Mi madre quería contenerme, quería llevarme a casa. ¿Cómo? Ella no entendía la búsqueda que yo necesitaba realizar. Era como un juego, las voces me decían el camino, yo tenía que ir y al final los encontraría, caería en los brazos de Tatiana, de ella, la única que me entiende, la única que me puede ayudar. Tal vez otra mujer también pudiese, ¿dónde diablos estaba mi novia? No. No podía contar con ella. Ella ya debería haber sentido la traición de mis pensamientos y sentimientos. No lo merecía, y aunque yo no había llegado al acto, la traición ya era un hecho. Definitivamente ella no lo merecía, ella no lo entendería, mejor ni contarle. Tatiana concordaba. Necesitaba oír música, pero no tenía mi PSP. Sí, él era el eslabón. El PSP y la música. Siempre fueron ellos los que me mantuvieron conectados con las voces y sus dueños. Ellos me transportaban a esa realidad inhóspita e intragable. Necesito un cigarro, un cigarro de una aspirada infinita, cuya nicotina aplaque todo mi dolor. El cigarro de la añoranza. El cigarro que da alas. La cerveza que se transforma en agua. La excitación del alma. La bipartición del ser. Así yo me fundía en al menos dos yos en conflicto.

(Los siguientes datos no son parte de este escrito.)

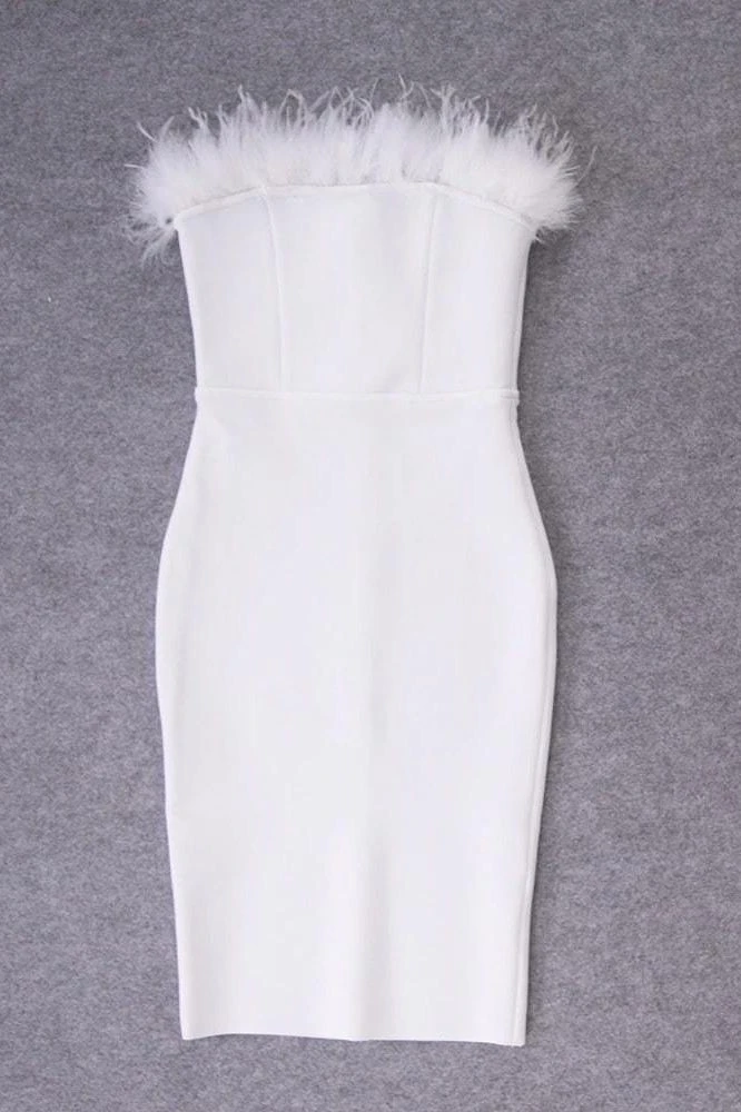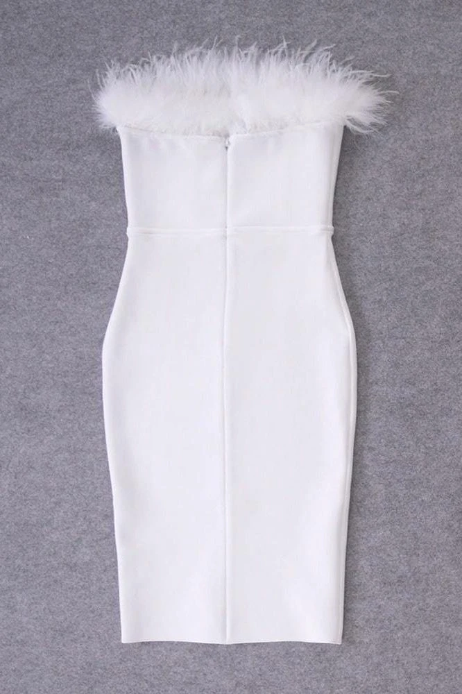 ERIN STRAPLESS FEATHER BANDAGE DRESS IN WHITE PEARL

Me acuerdo de Fernando Pessoa, que no era uno, ni dos, sino infinitos, y de su Libro del Desasosiego. Una de las personas dentro de Fernando escribió estas palabras:
“Los sentimientos que más duelen, las emociones que más pungen, son los que son absurdos – el ansia de cosas imposibles, precisamente porque son imposibles, la añoranza de lo que nunca hubo, el deseo de lo que podría haber sido, la tristeza de no ser otro, la insatisfacción de la existencia del mundo. Todos estos semitonos de la inconsciencia del alma crean en nosotros un paisaje adolorido, un eterno atardecer de lo que somos… El sentirnos es entonces un campo desierto a punto de oscurecer, triste de juncos al pie de un río sin barcos, negreando claramente entre márgenes alejados”.
Le pregunto a Sandra, dulce enfermera que llega para hacerme compañía si ella conoce a Fernando. No. Ni a Vinicius conoce muy bien. Pues bien, vamos a conversar un poco sobre ellos. Y me acuesto en su regazo para contarle sobre el bello y triste destino de estos poetas.